[RECORDS — start]

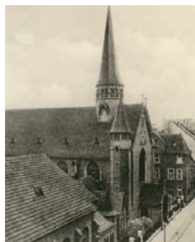
St. Antonius ca. 1933

Ist Ihnen schon einmal die Kirche in der Holsteiner Straße aufgefallen? Falls nein liegt es vielleicht daran, dass der Turm nur ca. 40 m hoch ist, was Bergschäden geschuldet ist. Jedoch: Ein genauer Blick lohnt sich. St. Antonius steht mitsamt den benachbarten Gebäuden als seltenes Beispiel eines historischen Kirchengemeindezentrums aus der Anfangszeit des vorigen Jahrhunderts unter Denkmalschutz. Zur Gründungszeit 1908 bot das Zentrum bis zu 9000 Gemeindegliedern eine Heimat.
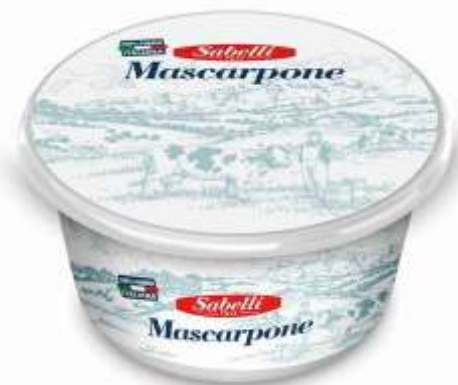
L47 - MASCARPONE SABELLI GR 250 (12 PZ)
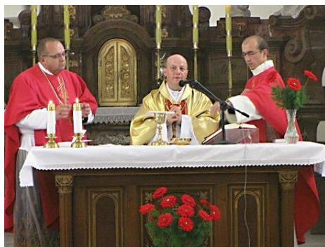
Poutní mše sv. 28.9. 2011
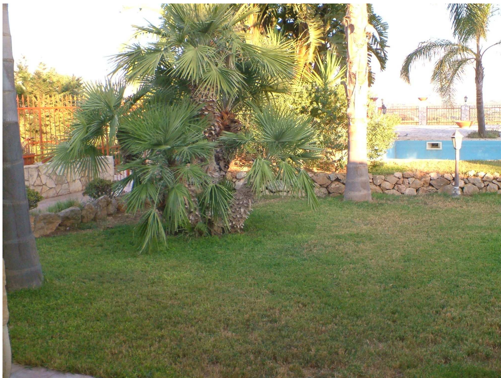
Area a verde
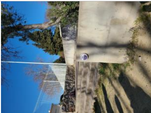
Repère de crue au niveau du portail du gymnase

Altitude calculée de l'eau (en m) : 5.3 m
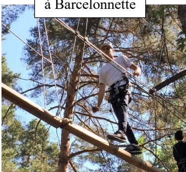
Accrobranche à Barcelonnette
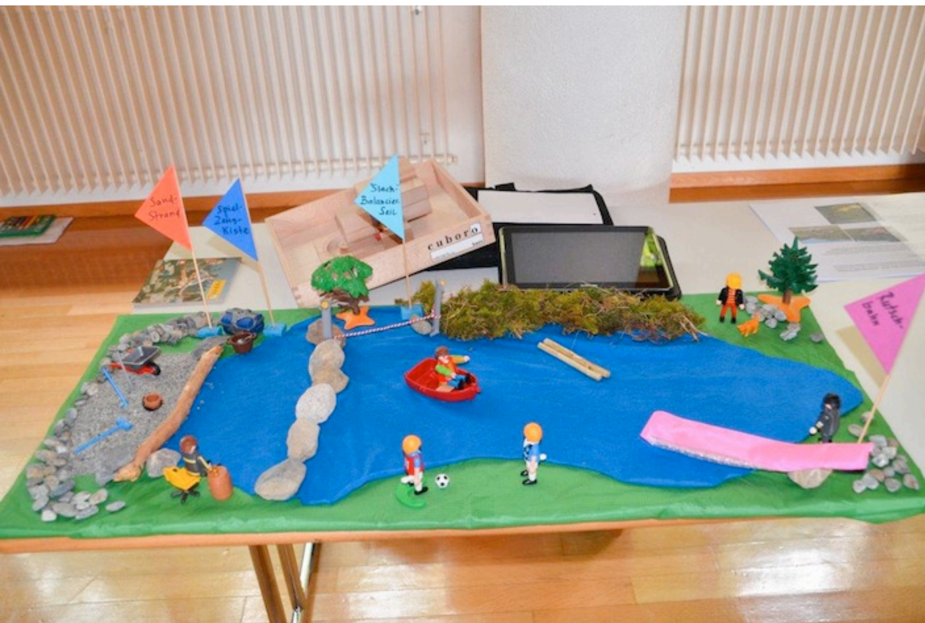
Der Badesee im Modell. Her wurden die gewünschten Ergänzungen eingebracht.
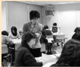
◎ ウーマンズアイ 「気軽にカラーセラピー~すてきな自分に出会えます~」

川女連では、昨年に引き続き防災をテーマに学習。大雪の当日は防災気象情報モバイルサイトは大活躍。サントリーフーズ(株)の自動販売機を通じた防災への貢献に納得!一番大切なのはやっぱり地域のひとと人のつながり♪
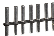
Jeu de goupilles Hager 80A No 169000053

Pour plus d'informations : Contactez le Service Comptage
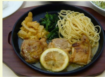
チキンソテー定食
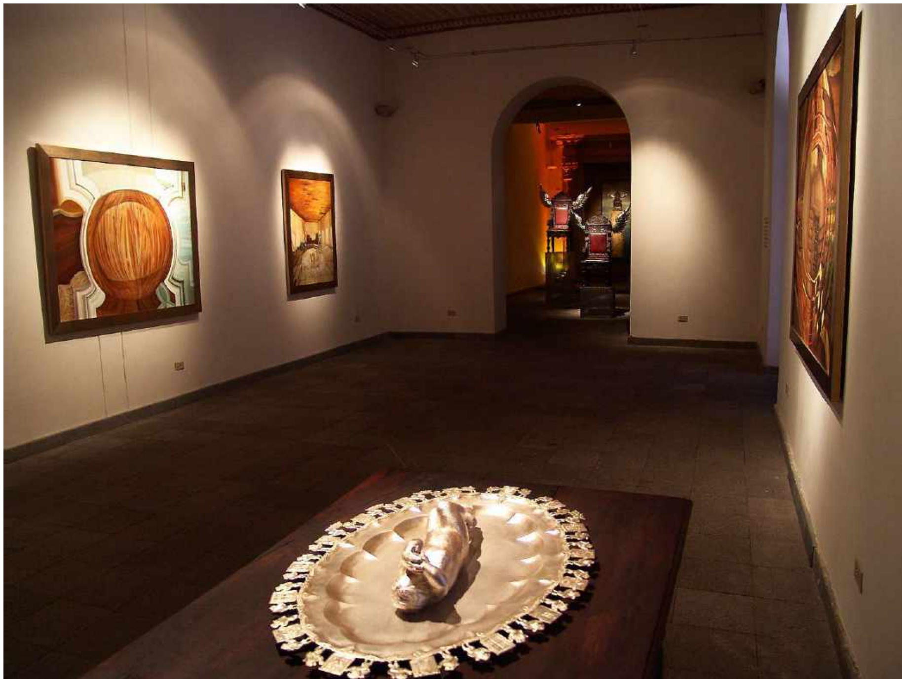
2007 Serie Axis Mundi
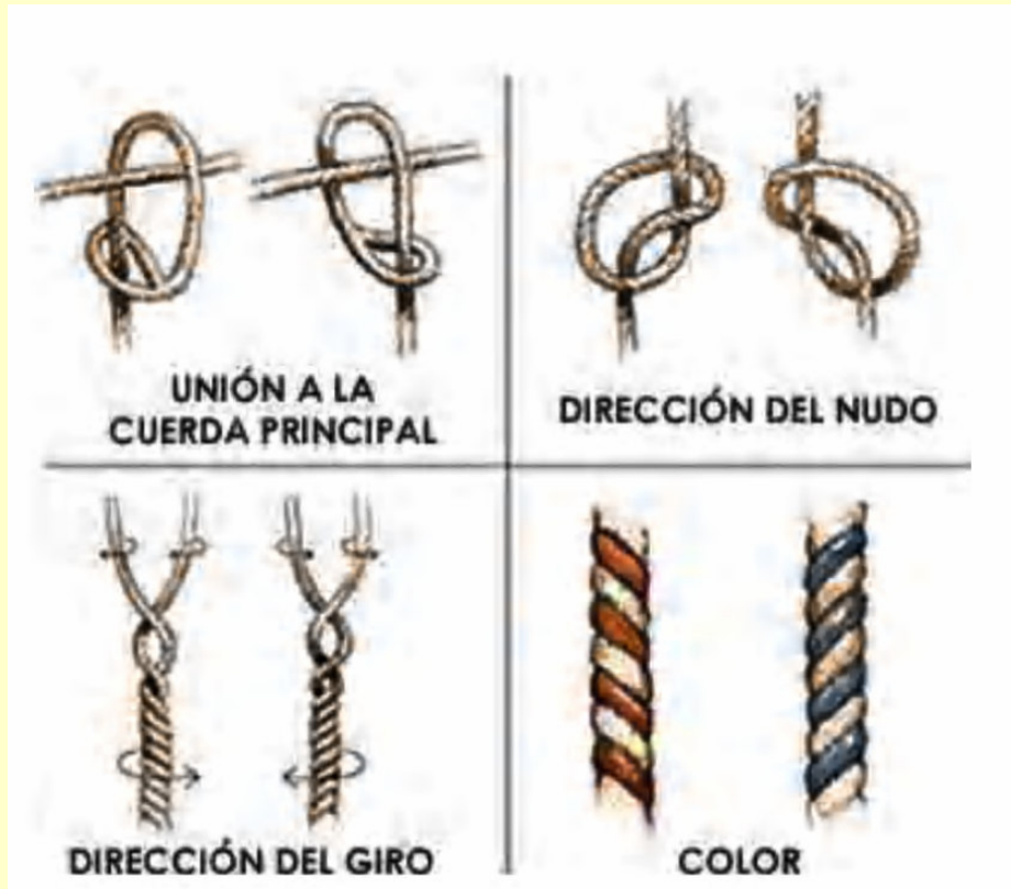
ILUSTRACIÓN 26. CLASES DE CUERDAS, NUDOS Y COLORES DE LOS QUIPUS
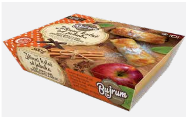
ZALIVENI KOLAČ OD JABUKE
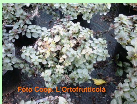
Menta glaciale: attacco di ragnetto rosso
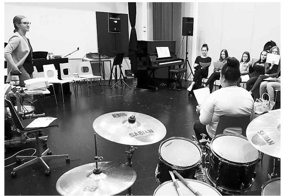
핀란드 라또카르타노 학교 음악실. 학생들이 음악 수업을 듣고 있다.

대학 같은 고교 '아르벤빠' 75개 과목 다양한 선택 가능 꿈 찾아주는 자율적 교육환경
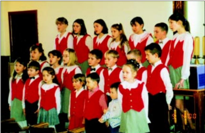
Chór dziecięcy „Junior”

„A tak, bracia moi mili, bądźcie stali, niewzruszeni, zawsze pełni zapału do pracy dla Pana, wiedząc, że trud wasz nie jest daremny w Panu”. (1 Kor 15,58)
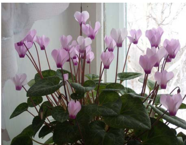
Цикламен или альпийская фиалка уже при +17 наотрез отказывается цвести, поэтому зима – это лучшее время, чтобы полюбоваться цветами, похожими на порхающих бабочек

[RECORDS — finish]

_THE PROBLEM_
All lines in the entries above that include "Antonius" should be found and copied.

_ANSWER TO THIS TASK_
St. Antonius ca. 1933
Ist Ihnen schon einmal die Kirche in der Holsteiner Straße aufgefallen? Falls nein liegt es vielleicht daran, dass der Turm nur ca. 40 m hoch ist, was Bergschäden geschuldet ist. Jedoch: Ein genauer Blick lohnt sich. St. Antonius steht mitsamt den benachbarten Gebäuden als seltenes Beispiel eines historischen Kirchengemeindezentrums aus der Anfangszeit des vorigen Jahrhunderts unter Denkmalschutz. Zur Gründungszeit 1908 bot das Zentrum bis zu 9000 Gemeindegliedern eine Heimat.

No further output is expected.